##### Records provided #####
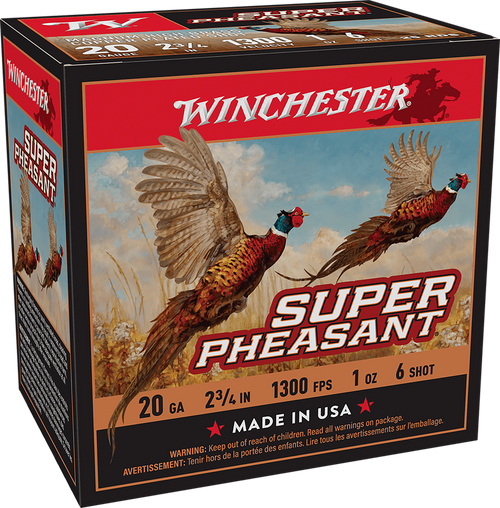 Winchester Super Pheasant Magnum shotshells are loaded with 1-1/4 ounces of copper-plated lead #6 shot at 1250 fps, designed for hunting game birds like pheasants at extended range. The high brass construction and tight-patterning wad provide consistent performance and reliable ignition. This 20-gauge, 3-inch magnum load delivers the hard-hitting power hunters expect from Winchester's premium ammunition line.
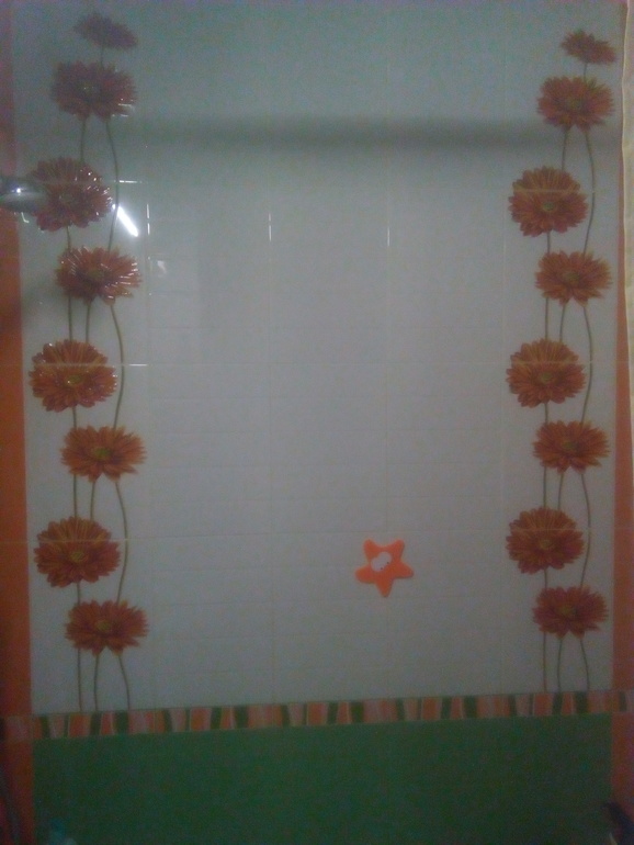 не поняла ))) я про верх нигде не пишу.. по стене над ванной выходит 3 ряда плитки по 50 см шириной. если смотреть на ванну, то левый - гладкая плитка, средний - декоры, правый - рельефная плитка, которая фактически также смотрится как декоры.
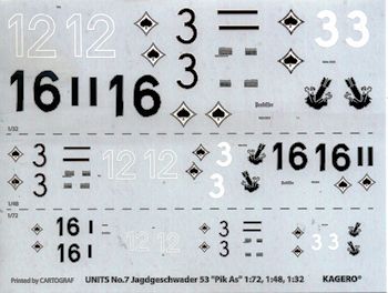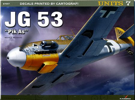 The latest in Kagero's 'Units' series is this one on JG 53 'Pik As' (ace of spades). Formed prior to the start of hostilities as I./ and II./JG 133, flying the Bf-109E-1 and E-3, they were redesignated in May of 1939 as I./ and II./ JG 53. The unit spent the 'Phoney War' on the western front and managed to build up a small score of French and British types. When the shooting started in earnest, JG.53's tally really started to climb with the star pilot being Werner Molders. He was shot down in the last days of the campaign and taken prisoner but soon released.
#####
##### Records provided #####
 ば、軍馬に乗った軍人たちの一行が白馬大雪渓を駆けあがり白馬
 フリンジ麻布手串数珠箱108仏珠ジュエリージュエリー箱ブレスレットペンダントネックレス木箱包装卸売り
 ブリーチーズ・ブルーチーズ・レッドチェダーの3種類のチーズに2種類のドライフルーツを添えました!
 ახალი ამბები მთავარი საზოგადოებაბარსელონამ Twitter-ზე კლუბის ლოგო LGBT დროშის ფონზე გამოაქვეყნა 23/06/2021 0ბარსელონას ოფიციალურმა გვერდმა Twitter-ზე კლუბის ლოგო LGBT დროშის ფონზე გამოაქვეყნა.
#####
Write out exactly the run of lines above that starts at the line containing "Winchester Super Pheasant" and ends at the line containing "не поняла )))". Include both, and leave the pictures out.

▶ **Your response**
 Winchester Super Pheasant Magnum shotshells are loaded with 1-1/4 ounces of copper-plated lead #6 shot at 1250 fps, designed for hunting game birds like pheasants at extended range. The high brass construction and tight-patterning wad provide consistent performance and reliable ignition. This 20-gauge, 3-inch magnum load delivers the hard-hitting power hunters expect from Winchester's premium ammunition line.
 не поняла ))) я про верх нигде не пишу.. по стене над ванной выходит 3 ряда плитки по 50 см шириной. если смотреть на ванну, то левый - гладкая плитка, средний - декоры, правый - рельефная плитка, которая фактически также смотрится как декоры.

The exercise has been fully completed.